Articles

Operasi bea dan cukai Sriwijaya Net mencegah impor dan penyelundupan 24,5 ton bawang merah

Okt 29, 2020 Posted in Bea Cukai 0 Comments

TRIBUNNEWS.COM-Pandemi Covid-19 yang melanda Indonesia saat ini tidak mengurangi bea cukai dan sinergi konsumen untuk melindungi perbatasan Indonesia dari barang ilegal dan berbahaya. Kepri, Belawan Customs, joint operation Pabean Sumatera Utara dan Bea Cukai Sri Lanka, bekerja sama memberantas penyelundupan bawang merah ilegal karena tidak dilindungi dokumen bea masuk yang sah. — Konon datangnya dari Penang, Malaysia. Sedikitnya 24,5 ton dikemas dalam kantong seberat 9 kg pada 2722. Petugas gabungan bea cukai dan pajak konsumsi berada di Kabupaten Tamiang Aceh pada 20 Mei (Rabu). Perairan Ujung Tamiang berhasil dilindungi. Nilai total kucai Isnu Irwantoro. Muatan KM Rajawali GT 15 diperkirakan mencapai Rp 752.000.000, yang dapat merugikan sektor keuangan sebesar Rp 263.000.000. Pajak Konsumsi Pajak Konsumsi BC 3.0004 Rabu lalu (20/5). Tim Bea Cukai Kanwil Aceh menginformasikan bahwa ada kapal kayu yang diincar membawa kargo ilegal dari Penang, Malaysia.

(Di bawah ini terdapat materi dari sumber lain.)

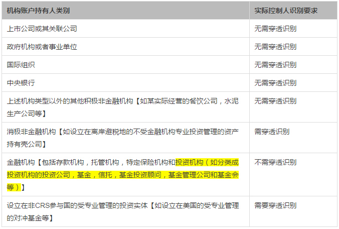 所謂殼公司為典型的就是在維爾京群島或是開曼群島開設(shè)離岸控股公司,然后再用公司在各家金融機構(gòu)開戶,持有境外的基金、股票等等。這類企業(yè)可能將被認(rèn)定為"消極非金融機構(gòu)"。CRS是穿透實施,公司實際控制人及公司兩個層面擁有的金融資產(chǎn)均要披露,過去利用殼公司的名義來避稅只怕是很困難了。

Provinsi Aceh Timur terus mencari kapal sasaran. Hingga Rabu (20/05) terakhir pukul 21.00 WIB, Tim Pokja Kapal Patroli BC 30004 yang terdiri dari petugas bea dan cukai Kanwil Khusus Kepri dan Bea Cukai Kanwil Aceh, di Tamiang Aceh. Kapal target ditemui di perairan Ujung Tamiang. Setelah melakukan pendekatan, ternyata tidak ada awak kapal di kapal sasaran yang bernama KM Rajawali. Kemudian keenam anggota kelompok kerja tersebut melakukan pengecekan KM Rajawali, namun tidak ditemukan dokumen bea cukai. Setelah memastikan keamanan KM Rajawali, gugus satgas menggeledah area sekitar lokasi ditemukannya kapal untuk mencari awak kapal yang kabur, namun selama satu jam pencarian, tidak ditemukan awak KM Rajawali. Diduga awak KM Rajawali bergerak dengan bantuan pilot boat (kapal oskadon) yang telah disiapkan sebelumnya. Hasil pemeriksaan dan pencacahan yang dilakukan oleh petugas Pabean Belawan menunjukkan bahwa KM Rajawali provinsi (KM Rajawali) terdapat 24,5 ton bawang merah, dikemas dalam 2.722 karung, bawang merah @ 9 kg, dan tidak ditemukan adanya obat narkotika, psikotropika dan prekursor. Selain itu, dokumen tersebut akan diserahterimakan ke Pabean Aceh untuk diteliti dan diproses lebih lanjut.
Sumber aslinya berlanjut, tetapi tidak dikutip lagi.